Une valeur totale de 100 milliards de dollars
Les documents donnent des informations sur les comptes de plus de 30'000 clients venant du monde entier, selon le rapport. Les dossiers de 18'000 comptes d'une valeur de 100 milliards de dollars sont concernés.
Des criminels ont pu ouvrir des comptes ou les conserver alors que "la banque aurait pu savoir depuis longtemps qu'elle avait affaire à des criminels", selon l'enquête. De nombreux chefs d'Etat et de gouvernement, ministres et chefs des services secrets ainsi que des oligarques et des cardinaux auraient été clients de la banque.
Selon le conglomérat de journalistes, ces révélations dessinent une véritable mappemonde de la corruption internationale avec en toile de fond le secret bancaire suisse.
"Je pense que le secret bancaire suisse est immoral", a déclaré la source des données analysées. "Le prétexte de la protection de la sphère privée financière n'est qu'une feuille de vigne pour dissimuler le rôle honteux des banques suisses en tant que collaboratrices des fraudeurs fiscaux".
La banque dénonce "allégations" et "insinuations"
Credit Suisse a indiqué dans un communiqué fermement rejeter "les allégations et insinuations concernant les prétendues pratiques commerciales de la banque".
Les faits présentés sont essentiellement historiques, remontant dans certains cas aux années 1940, a encore indiqué la banque. Ils reposent sur "des informations partielles, inexactes ou sélectives sorties de leur contexte".
Pour des raisons juridiques, Credit Suisse ne peut pas s'exprimer sur des relations potentielles avec des clients. La banque affirme prendre l'affaire au sérieux et annonce son intention de poursuivre l'enquête avec une task force interne en faisant appel à des experts externes spécialisés.
Les détails de l'enquête et les noms de clients concernés vont être publiés progressivement par le groupe de médias, promettant de secouer la place financière suisse.
oang avec ats
Les médias suisses absents de l'enquête
Les données de Credit Suisse ont été évaluées en collaboration avec l'Organized Crime and Corruption Reporting Project (OCCRP) ainsi que 46 partenaires médiatiques du monde entier, selon le journal allemand.
Les médias suisses comme Tamedia ont renoncé à participer à cette recherche, car depuis 2015, les journalistes risquent une procédure pénale s'ils écrivent sur des données bancaires divulguées, a tweeté le journal alémanique "TagesAnzeiger" dimanche soir.

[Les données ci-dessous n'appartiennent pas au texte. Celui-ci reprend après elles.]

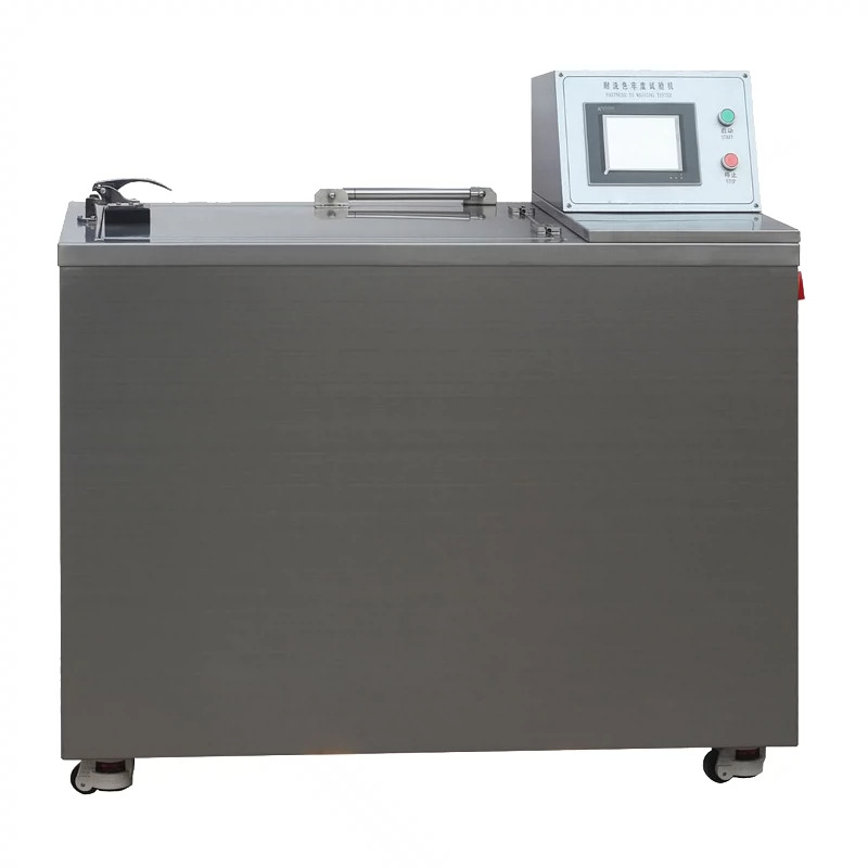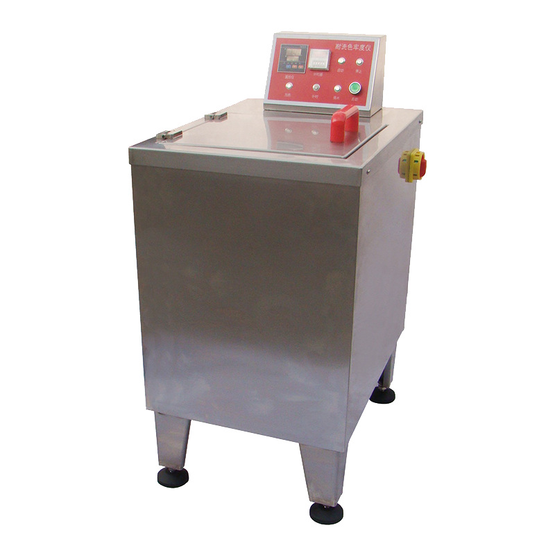 本仪器为箱式设计,由箱体、控制面板和转动系统组成,转动系统的主轴横贯测试箱,轴上安装12个小钢杯的插座。测试时,将装有试样、洗涤剂和钢珠的钢杯安装在主轴上,加热使箱内的水达到一定温度后,通过电机带动主轴以40rpm的速度旋转,使杯内的试样和钢珠在一定温度的洗涤液环境中相互摩擦一定时间,以模拟日常生活中的五次家庭洗涤或商业洗涤,观察试样在洗涤后的颜色变化,评定试样的色牢度等级。

Dans un éditorial, Ariane Drayer, rédactrice en chef de la rédaction de Tamedia souligne qu'on parle bien d'argent sale, issu du crime et s'insurge: "Dans notre pays, au XXIe siècle, lorsqu'un journaliste signale cet argent-là, il est lourdement punissable. C'est inadmissible."
"Le curseur est posé à un degré étrange, ajoute-t-elle: un oligarque qui a caché son argent en Suisse voit son anonymat juridiquement protégé. Selon la loi, le journaliste qui l'expose risque jusqu'à 3 ans de prison. Est-ce vraiment cela, la Suisse que nous voulons?"